How Common Are Breakthrough Cases?

As of May 28, 2021, a total of 10,262 breakthrough COVID-19 cases had been reported in 46 U.S. states and territories, with 27 percent reportedly asymptomatic, according to CDC data. Of those cases, 10 percent of patients were hospitalized and 2 percent died. Newer CDC data (last updated July 26, 2021), has counted a total of 6,587 breakthrough COVID-19 cases in which patients were hospitalized or died, including 1,263 deaths; however, the organization isn't 100 percent certain how many breakthrough cases exist. The number of COVID-19 vaccine breakthrough infections reported to the CDC is likely "an undercount of all SARS-CoV-2 infections among" the fully vaccinated, according to the org. Given symptoms of a breakthrough infection can be confused with that of the common cold — and given the fact that so many breakthrough cases can be asymptomatic — people may feel they don't need to get tested or seek medical attention.

Why, exactly, are breakthrough cases happening? For one, the Delta variant is posing a particular problem. This new-ish strain of the virus appears to spread more easily and come with a higher risk of hospitalization, according to the American Society for Microbiology. Plus, preliminary research shows that the mRNA vaccines (Pfizer and Moderna) are only 88 percent effective against symptomatic cases of the Delta variant versus their 93 percent effectiveness against the Alpha variant.

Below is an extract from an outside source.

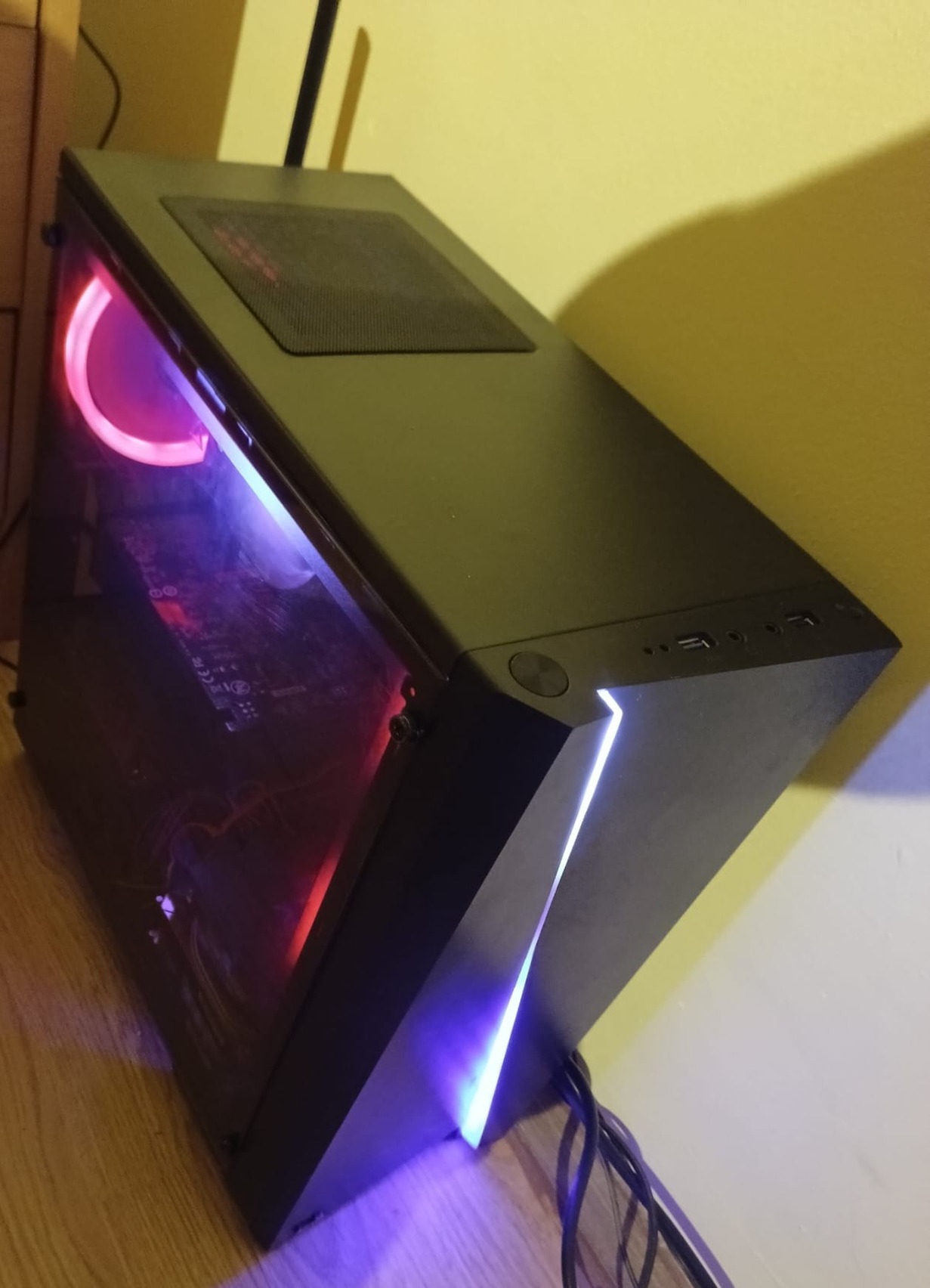 Eladó RGB gépház. A képeken látható állapotban, van egy kis hibája azt fotóztam. Micro ATX, Mini ITX méret, átlátszó plexi oldal lappal. Elég jól szellőző a ház, az elején van egy usb 3.0, egy usb 2.0 valamint egy Jack és mikrofon port is. Ott helyezkedik el egy gomb is amivel lehet váltogatni az RGB-t, többféle színben, többféle mintában vagy többféle gyorsaságban. Méretei: 18,6 x 38,1 x 37,3 cm.

Consider this study released by the CDC in July detailing a COVID-19 outbreak of 470 cases in Provincetown, Massachusetts: Three-quarters of those infected were fully vaccinated, and the Delta variant was found in most of the genetically analyzed samples, according to the organization's data. "High viral loads [the amount of the virus an infected person may have in their blood] suggest an increased risk of transmission and raised concern that, unlike with other variants, vaccinated people with Delta can transmit the virus," said Rochelle Walensky, M.D., and director of the CDC, on Friday, according to The New York Times. Indeed, a Chinese study claims the delta variant viral load is 1,000 times higher than earlier strains of COVID, and the higher the viral load, the more likely it is that someone will spread the virus to others.

In light of these findings, the CDC recently implemented updated mask guidance for the fully vaccinated, suggesting people wear them indoors in areas where transmission is high, since vaccinated people can still get sick with and transmit the virus, according to the CDC.

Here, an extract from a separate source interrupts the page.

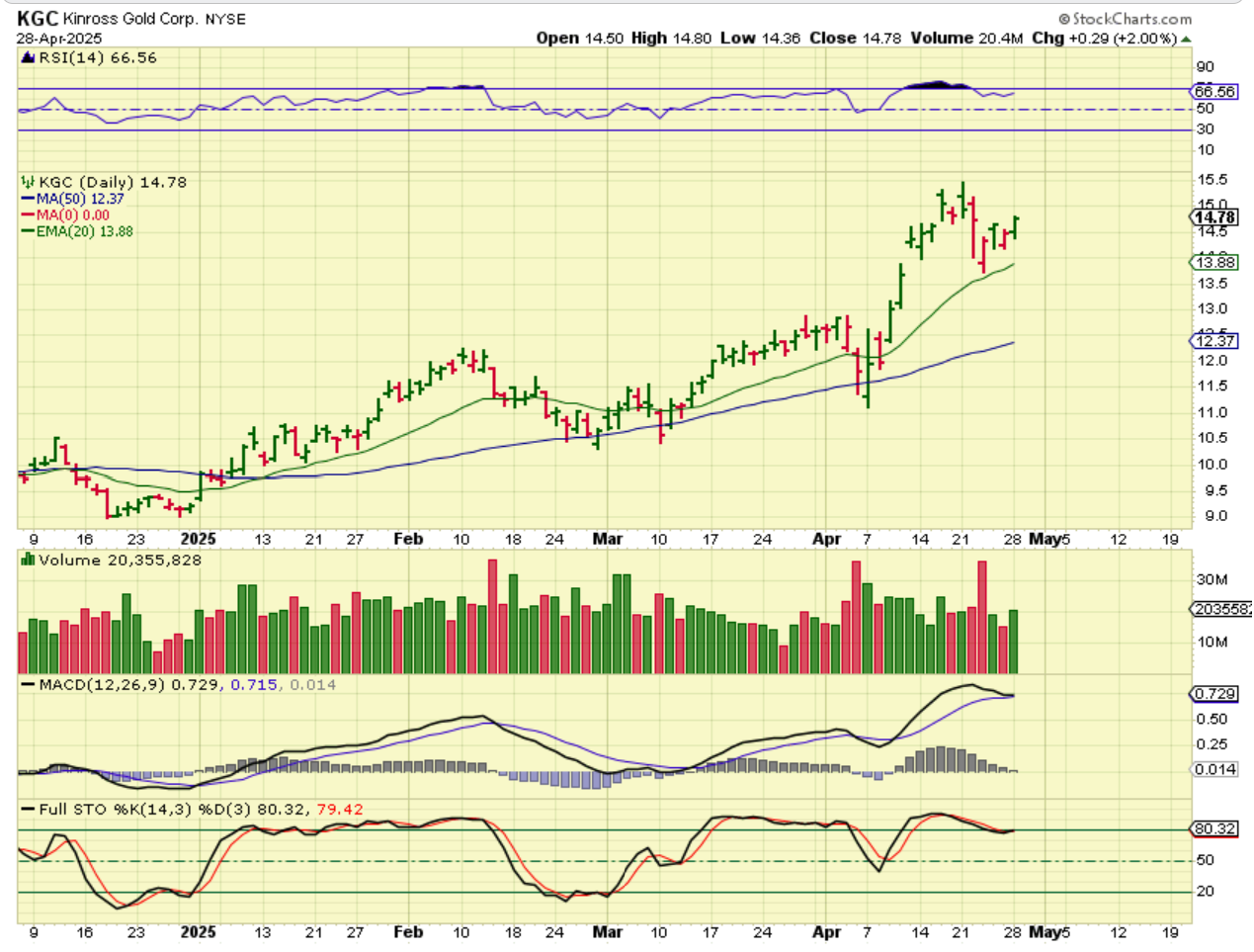 KGC reversed there last week and is slowly climbing higher, so the set ups are bullish at this time.

What to Do If You Think You Have a Breakthrough Infection

So, what happens if you were exposed to someone who tested positive for COVID-19 but you yourself are fully vaccinated? It's easy; get tested. The CDC advises getting tested three to five days after potential exposure, even if you have no symptoms. On the flip side, if you feel sick — even if your symptoms are mild and you think it's just a cold — you should still get tested.

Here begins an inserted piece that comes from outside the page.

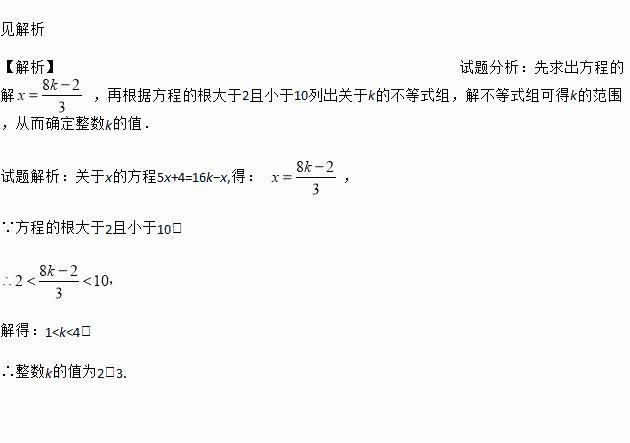 k取哪些整数时,关于x的方程5x+4=16k-x的根大于2且小于10?
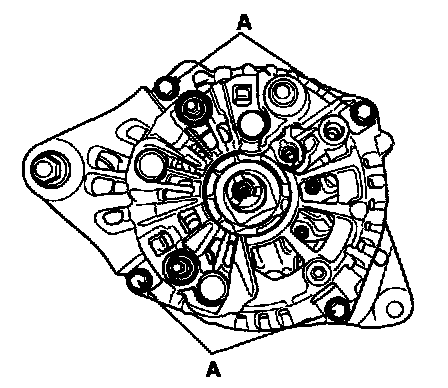 2. Loosen the mounting bolts (A) and disconnect the regulator assembly (C).

Although COVID-19 is still evolving — and, yes, breakthrough cases are possible — the vaccines remain the greatest protectors in combatting the pandemic. That, plus practicing reasonable personal hygiene (washing your hands, covering your sneezes and coughs, staying home if you're sick, etc.) and following updating CDC guidelines on mask wearing and social distancing to keep both you and others safe.

The information in this story is accurate as of press time. As updates about coronavirus COVID-19 continue to evolve, it's possible that some information and recommendations in this story have changed since initial publication. We encourage you to check in regularly with resources such as the CDC, the WHO, and your local public health department for the most up-to-date data and recommendations.